Refusing refugees entry, a policy known as "pushback", is in breach of Bulgaria's national and international legal obligations that guarantee the right to ask for asylum. "Bulgaria is an EU member state and has signed the Refugee Convention," says Cheshirkov. "It has to provide refugees with an opportunity to speak to officials and explain why they are fleeing. In order to do that they need access to the territory."
Instead, further restrictions are planned. Keen to join the Schengen Zone of visa-free travel inside the EU, Bulgaria plans to extend the border fence to cover its entire 160km land frontier with Turkey, part of a "containment plan". The strategy is working: in 2013 11,500 people illegally crossed into Bulgaria. In 2014, 40,000 people tried to cross illegally, of whom 6,000 succeeded.

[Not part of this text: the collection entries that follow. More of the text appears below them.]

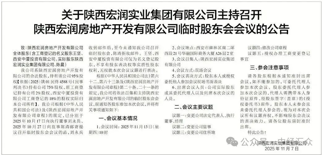 据西安官媒公告,遭受“套路贷”十余年的陕西宏润实业集团,将于11月13日主持召开陕西宏润房地产开发有限公司临时股东会议。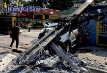 Ein 18-rädriger Lastwagen liegt schwer beschädigt an einer Betonbaustellenbarriere auf der Bang Na–Trat Road in Samut Prakan, nachdem der Fahrer gestanden hatte, eine ganze Flasche Reisalkohol getrunken zu haben. Die Polizei warnt, dass ähnliche Gefahren auch rund um Pattaya bestehen, wo große Fernstraßen Tag und Nacht von Schwerlastverkehr genutzt werden.*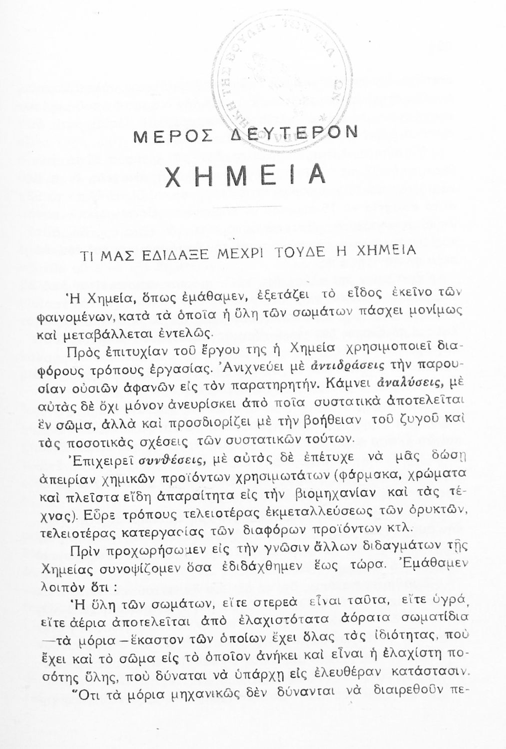 Τίτλος: Στοιχεία Φυσικής και Χημείας δια την Β' τάξιν των Αστικών Σχολείων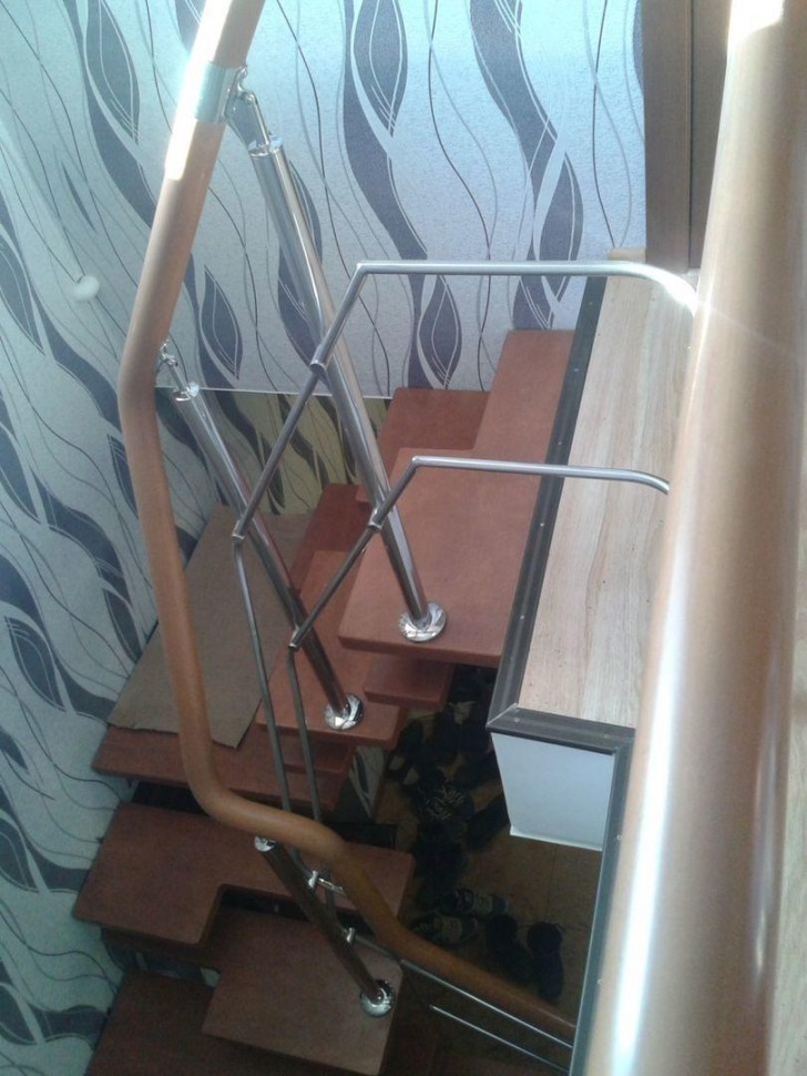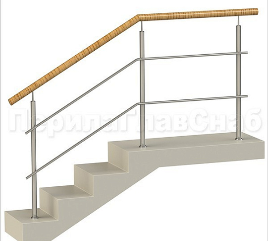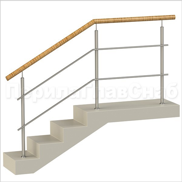 Три ригеля на сварке, квадратный деревянный поручень и круглые стойки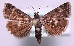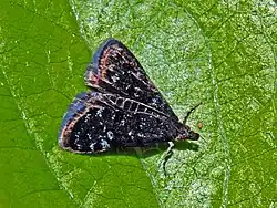 Heliothela wulfeniana has a wingspan of 16–19 mm.[4] The thorax and abdomen of these moths are brownish. Legs are whitish. The upperside of the forewings is dark brownish black, with small metallic lead-gray dots. A showy white spot is present on the paler brown hindwings. The outer margins of the wings are fringed with gray-bluish scales.[3]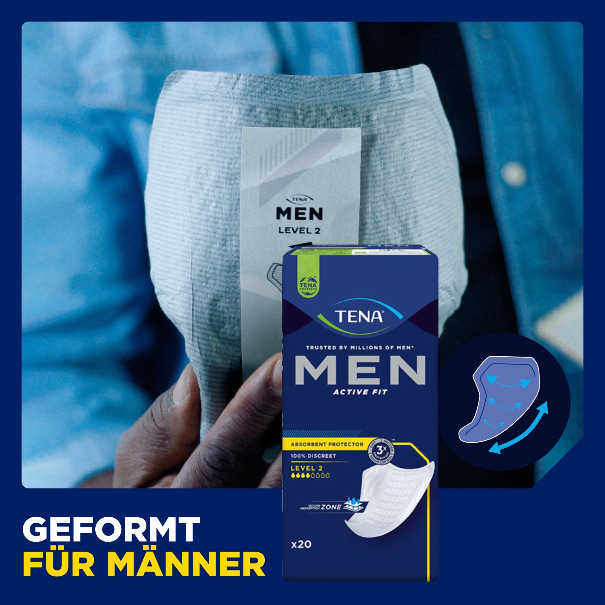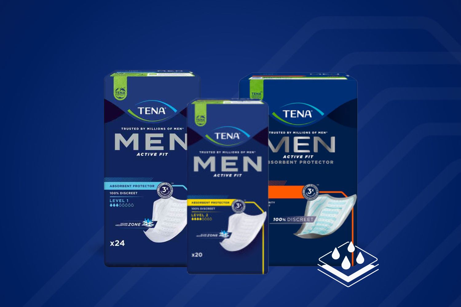 De TENA® Men Active Fit Level 1 inleggers zijn speciaal afgestemd op de mannelijke lichaamsvorm en bieden betrouwbare bescherming bij licht urineverlies, zoals nadruppelen. Dankzij elastische zijpanelen passen de protectoren zich optimaal aan, zitten onopvallend in het ondergoed en zorgen voor hoog draagcomfort.

But containment exacts a human cost. Reports by Human Rights Watch in April 2014 on Bulgaria, and by Amnesty International on Greece, include detailed accounts from refugees of being hit repeatedly by border guards, having possessions stolen and being forced back to Turkey.
Abdullah, an Afghan asylum seeker, told of how he was systematically beaten by Bulgarian border guards. "They kept beating my head and my back. First one soldier and then another. I tried to escape but they beat me even more. They even beat me as they were dragging me to the car."
Bulgarian officials reject claims of brutality.
The country is under intense pressure from refugees and illegal immigrants, says foreign ministry spokeswoman Betina Joteva. The government announced a new plan in March for the integration of refugees but needs more financial support from the EU. New border control protocols are needed with Turkey and Greece. "Bulgaria is seriously committed to protecting the EU's external border and we have no intention of failing in this obligation," she says.
The European Commission has written to Bulgaria about the allegations that border guards used violence and "pushback". But new evidence gathered by Human Rights Watch in August and September 2014 indicates that the policy is still in operation.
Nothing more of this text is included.